(Records from a dataset)
>>>

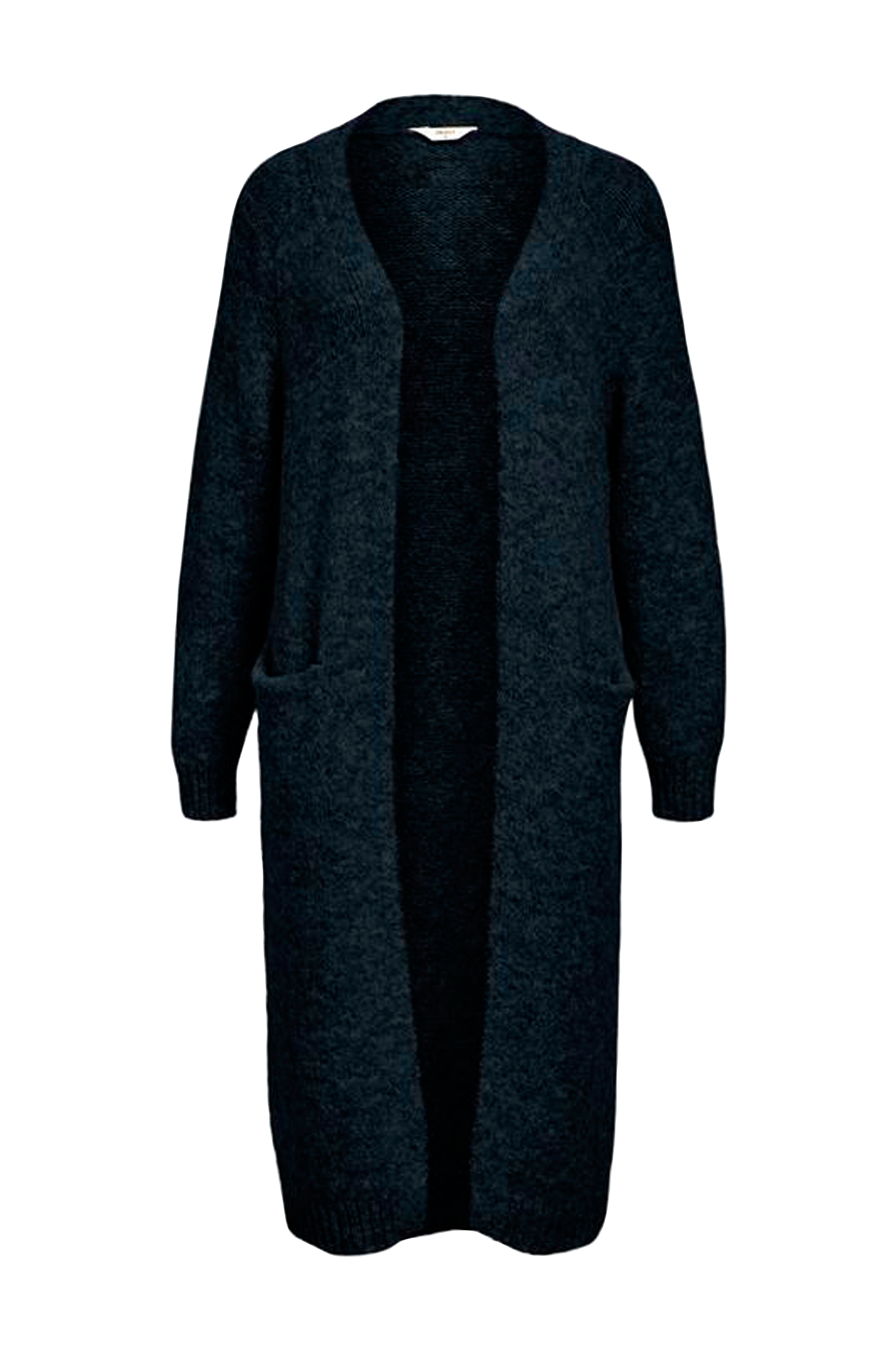 • Lang, mønsterstrikket cardigan i uldmiks• Åben model• Ribstrik ved manchetterne
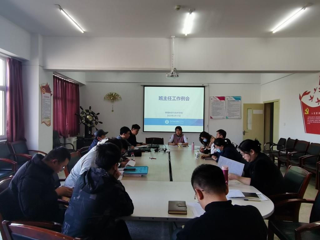 3月17日下午,物理科学与技术学院召开班主任工作例会。党总支书记李慧龙、全体班主任、学工办辅导员参加会议,会议由党总支副书记郭凯敏主持。
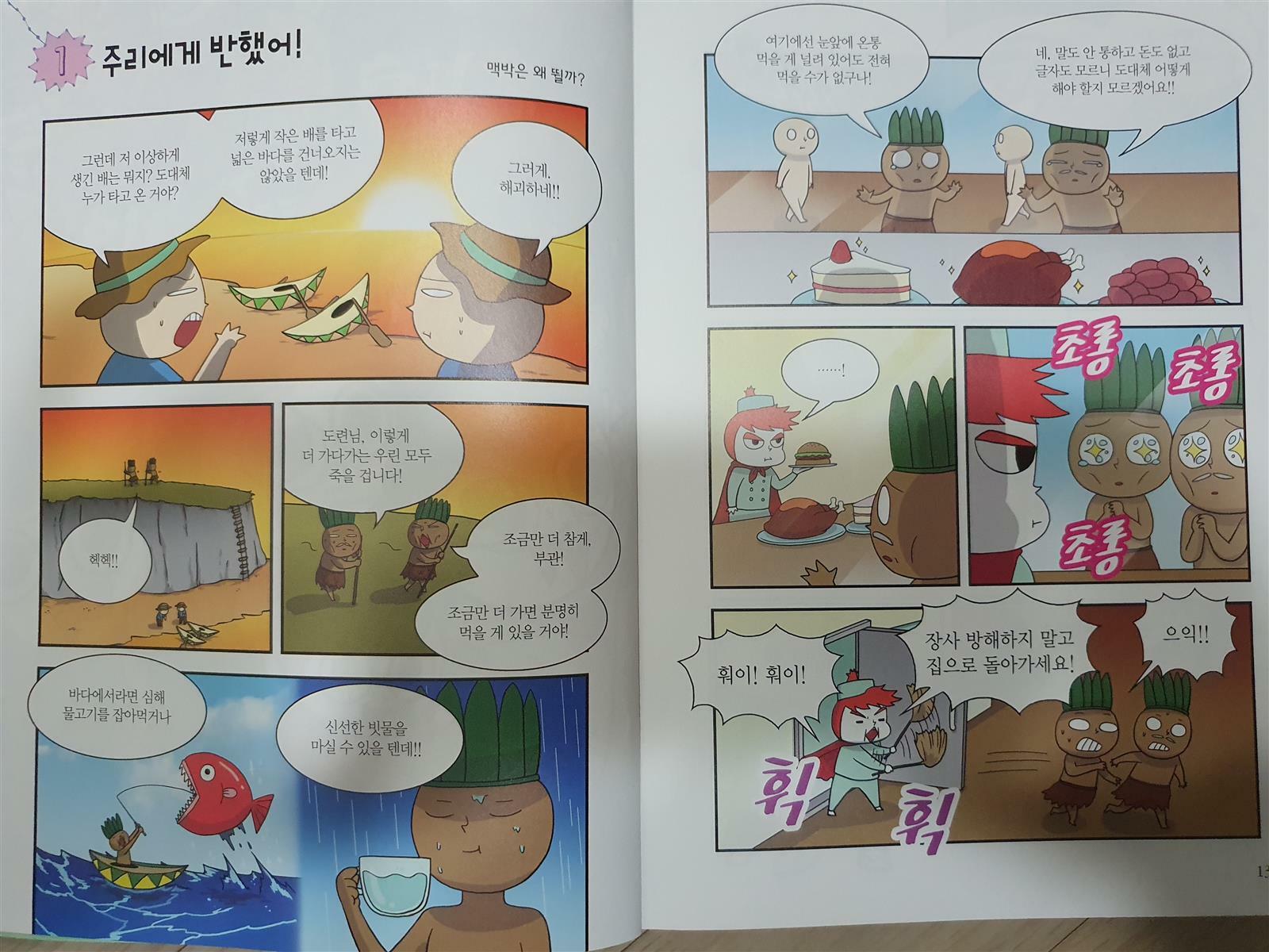 이 책은 100만부를 돌파한 학습만화의 베스트셀러 놓지마 과학 시리즈의 개정판인데요, 이번에 과학자 인물탐구와 과학상식퀴즈가 더 추가되어 나왔다고 하네요~ 제가 읽은 책은 그 중에서 7번째 시리즈로 정신이네 가족이 태평양에 있는 가상의 섬, 그레이트 랜드로 가는 모험여행을 통해 알게 되는 여러가지 과학적 현상과 상식등을 알려주는 책입니다.
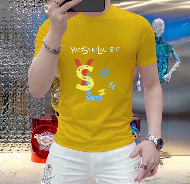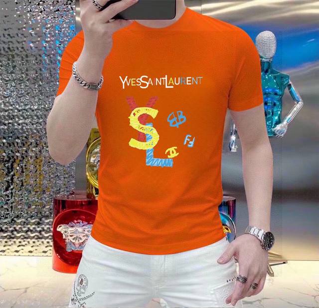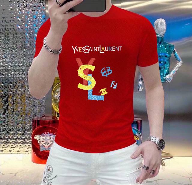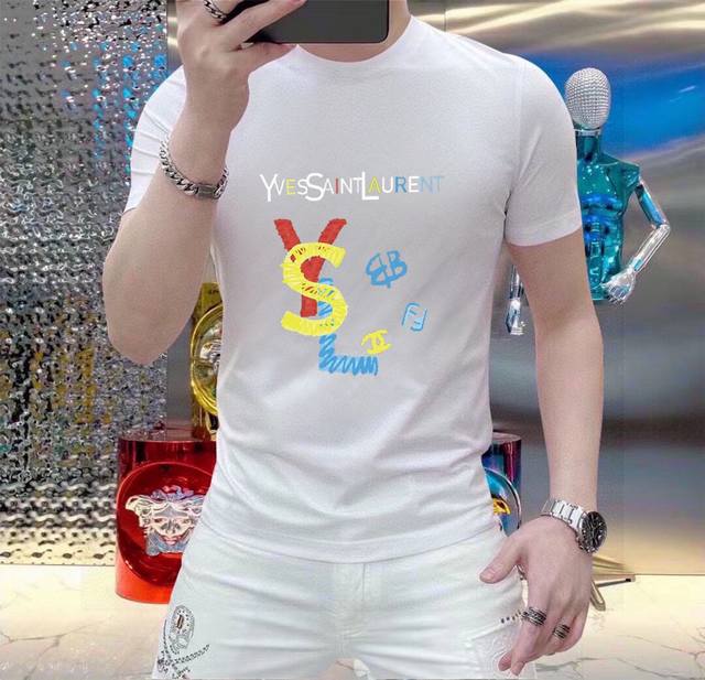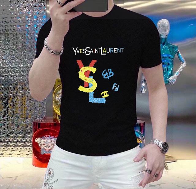 Original YSL Saint Laurent men's casual short-sleeved T-shirt, a Spring/Summer
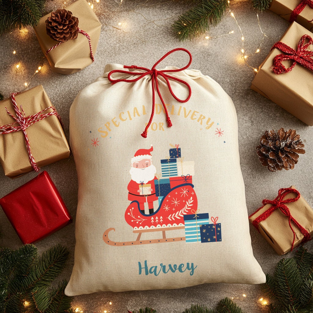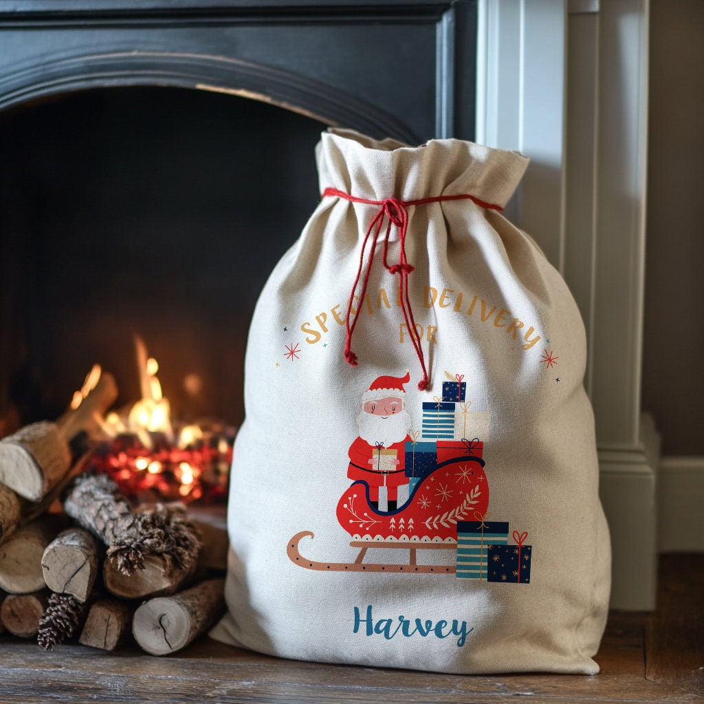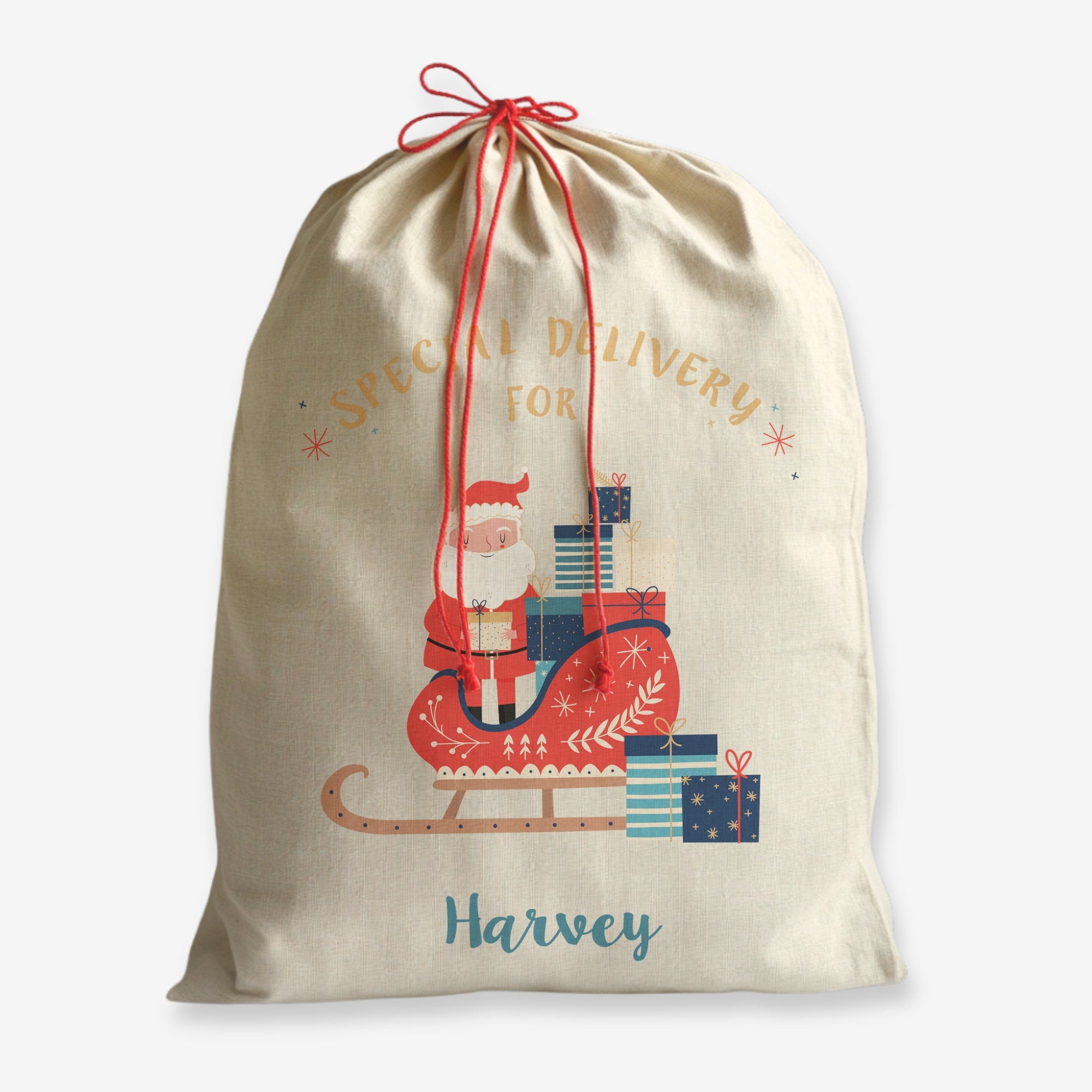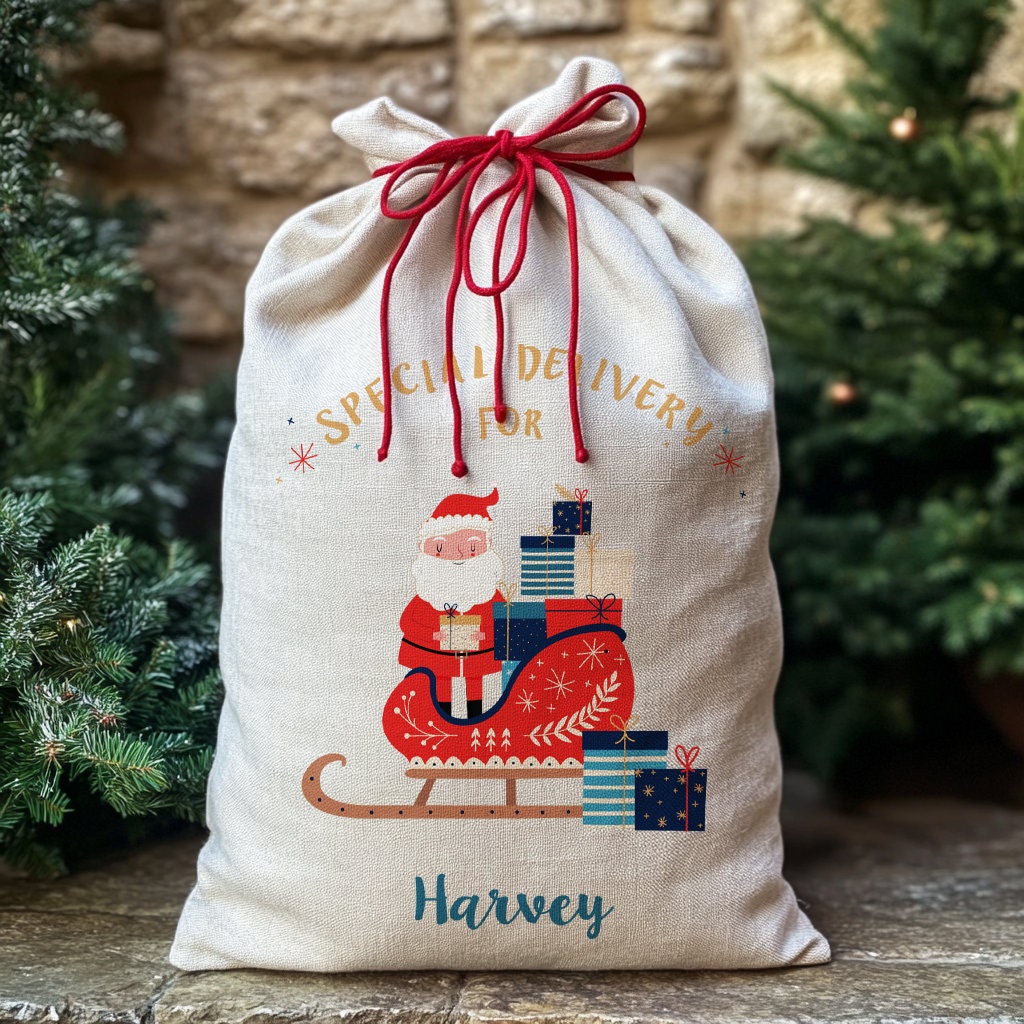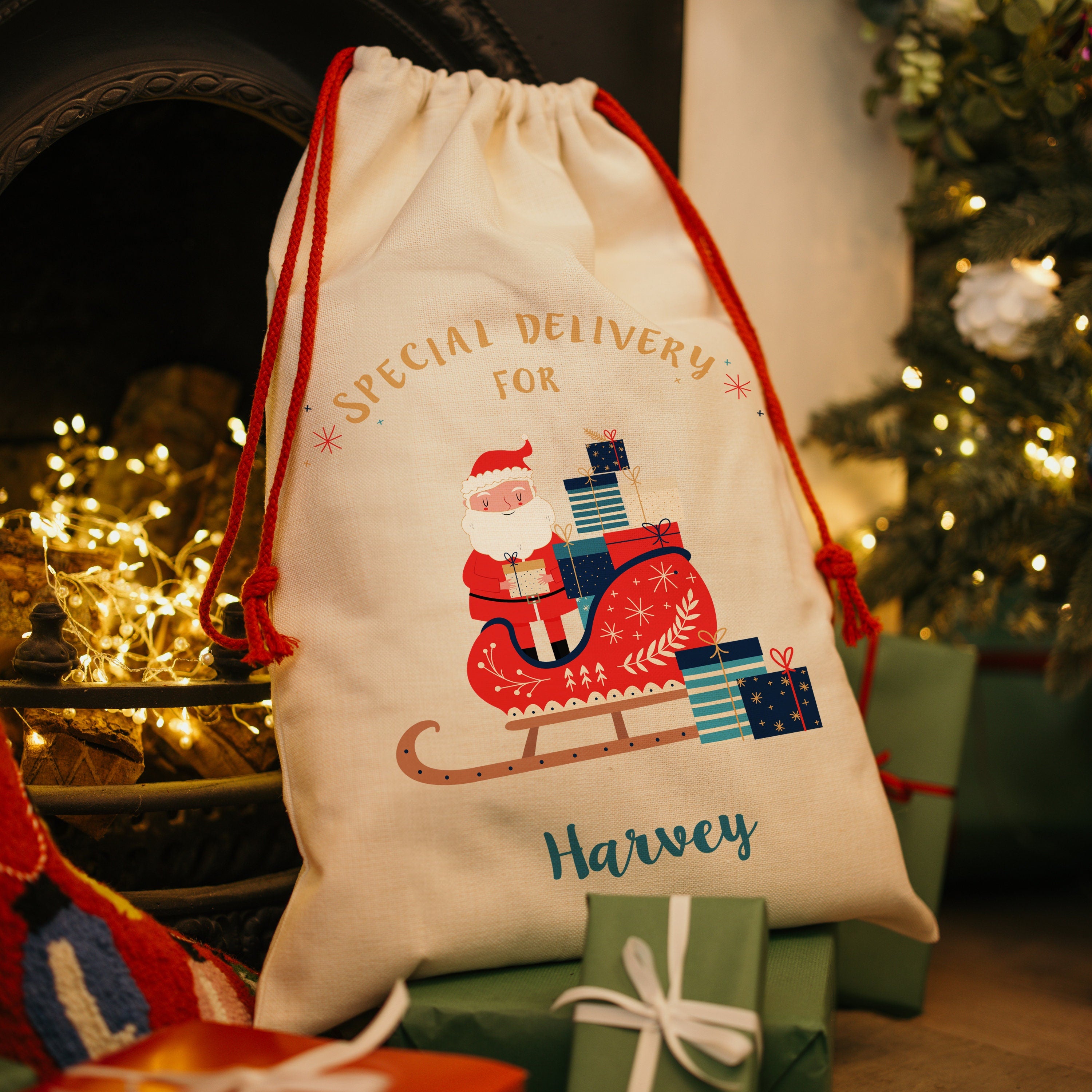 Personalised Christmas Presents Sack - Santa's Sleigh Design

<<<

> **DIRECTIONS FOR THIS TASK**: If an entry above holds a picture, leave that picture out and print the rest exactly.

> **RESPONSE AREA**:
 • Lang, mønsterstrikket cardigan i uldmiks• Åben model• Ribstrik ved manchetterne
 3月17日下午,物理科学与技术学院召开班主任工作例会。党总支书记李慧龙、全体班主任、学工办辅导员参加会议,会议由党总支副书记郭凯敏主持。
 이 책은 100만부를 돌파한 학습만화의 베스트셀러 놓지마 과학 시리즈의 개정판인데요, 이번에 과학자 인물탐구와 과학상식퀴즈가 더 추가되어 나왔다고 하네요~ 제가 읽은 책은 그 중에서 7번째 시리즈로 정신이네 가족이 태평양에 있는 가상의 섬, 그레이트 랜드로 가는 모험여행을 통해 알게 되는 여러가지 과학적 현상과 상식등을 알려주는 책입니다.
 Original YSL Saint Laurent men's casual short-sleeved T-shirt, a Spring/Summer
 Personalised Christmas Presents Sack - Santa's Sleigh Design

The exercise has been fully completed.